Burnout, like Kelly's, is common among sensitive strivers. They are so loyal to other people at times that they blindly pursue more achievement without ever stopping to define what makes them happy.
What Being a Sensitive Striver Is—and Is Not
"Sensitive striver" might sound like just another way to describe a perfectionist, overachiever, or introvert. But those terms do not adequately describe the unique struggles sensitive strivers face.
For instance: You can be a perfectionist and not be highly accomplished in your career. You can also be an “overachiever” (defined as someone who performs better or achieves more success than expected) without feeling paralyzed by mistakes (perfectionism).
So, Are You a Sensitive Striver?
If you relate to most of the statements below, then you may be a sensitive striver:
- You experience emotions to an unusual level of depth and complexity. You may cry easily from both sadness and happiness.
- You’ve been called “intense” or “too much” because of your relentless pursuit of achievement or desire to be the best.
- You’ve always had a keen ability to sense others’ feelings, needs, or insecurities, which may result in people-pleasing versus considering your own needs.

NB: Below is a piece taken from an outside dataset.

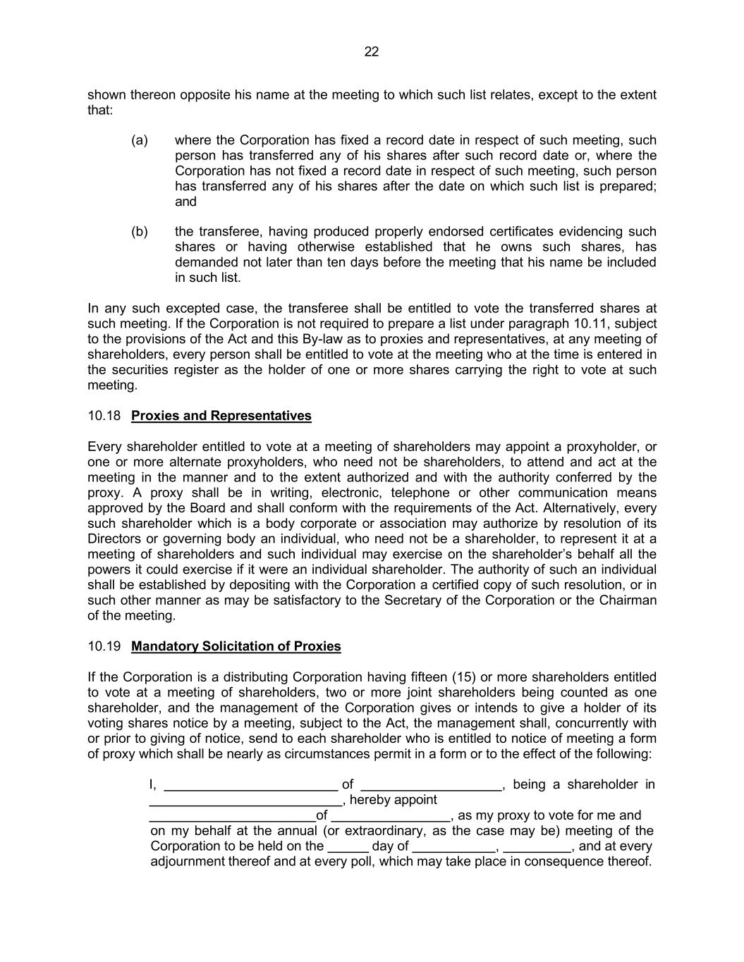 22 shown thereon opposite his name at the meeting to which such list relates, except to the extent that: (a) where the Corporation has fixed a record date in respect of such meeting, such person has transferred any of his shares after such record date or, where the Corporation has not fixed a record date in respect of such meeting, such person has transferred any of his shares after the date on which such list is prepared; and (b) the transferee, having produced properly endorsed certificates evidencing such shares or having otherwise established that he owns such shares, has demanded not later than ten days before the meeting that his name be included in such list. In any such excepted case, the transferee shall be entitled to vote the transferred shares at such meeting. If the Corporation is not required to prepare a list under paragraph 10.11, subject to the provisions of the Act and this By-law as to proxies and representatives, at any meeting of shareholders, every person shall be entitled to vote at the meeting who at the time is entered in the securities register as the holder of one or more shares carrying the right to vote at such meeting. 10.18 Proxies and Representatives Every shareholder entitled to vote at a meeting of shareholders may appoint a proxyholder, or one or more alternate proxyholders, who need not be shareholders, to attend and act at the meeting in the manner and to the extent authorized and with the authority conferred by the proxy. A proxy shall be in writing, electronic, telephone or other communication means approved by the Board and shall conform with the requirements of the Act. Alternatively, every such shareholder which is a body corporate or association may authorize by resolution of its Directors or governing body an individual, who need not be a shareholder, to represent it at a meeting of shareholders and such individual may exercise on the shareholder’s behalf all the powers it could exercise if it were an individual shareholder. The authority of such an individual shall be established by depositing with the Corporation a certified copy of such resolution, or in such other manner as may be satisfactory to the Secretary of the Corporation or the Chairman of the meeting. 10.19 Mandatory Solicitation of Proxies If the Corporation is a distributing Corporation having fifteen (15) or more shareholders entitled to vote at a meeting of shareholders, two or more joint shareholders being counted as one shareholder, and the management of the Corporation gives or intends to give a holder of its voting shares notice by a meeting, subject to the Act, the management shall, concurrently with or prior to giving of notice, send to each shareholder who is entitled to notice of meeting a form of proxy which shall be nearly as circumstances permit in a form or to the effect of the following: I, of , being a shareholder in , hereby appoint of , as my proxy to vote for me and on my behalf at the annual (or extraordinary, as the case may be) meeting of the Corporation to be held on the day of , , and at every adjournment thereof and at every poll, which may take place in consequence thereof.

- You struggle to “turn off” from work mode and it can feel like there are 100 tabs open in your brain at all times.
- You’re a stickler for details and highly organized, but you can get too caught up in being meticulous. You may never feel like work is complete.
- You know intellectually that most feedback is no big deal, but one negative comment can leave you feeling terrible for days as you analyze and try to interpret the information.
- You’re deliberate and need time to think before you act. This means you excel at strategy and planning — if you can move past overthinking.
- You try to prepare for every eventuality, but if you’re caught off-guard in a meeting or conversation, you may get easily overstimulated and question how to respond.
- You’re able to sense conflict often before others are even aware of it, making you a master at empathetic communication. However, your constant vigilance can be draining.
How Being a Sensitive Striver Can Be a Strength
Thinking and feeling deeply isn’t a defect. When channeled productively, it can be your career superpower. The research proves it: Managers consistently rate people with higher sensitivity as their top contributors. That’s because sensitive strivers are thoughtful, conscientious, empathetic, and dedicated—which make them ideal employees and leaders.
Kelly reflected and realized her actions were preventing her from pursuing opportunities that better fit her true nature and financial goals. She put into practice quieting her inner dialogue, regulating her emotions, and learning how to speak up and push back. Within a few months of returning to work, she received a promotion and was honored as a top manager at the company.
As Kelly’s story shows, once you better understand how your built-in sensitivities shape the way you see yourself and approach your career, you can channel your qualities as strengths and not self-sabotage.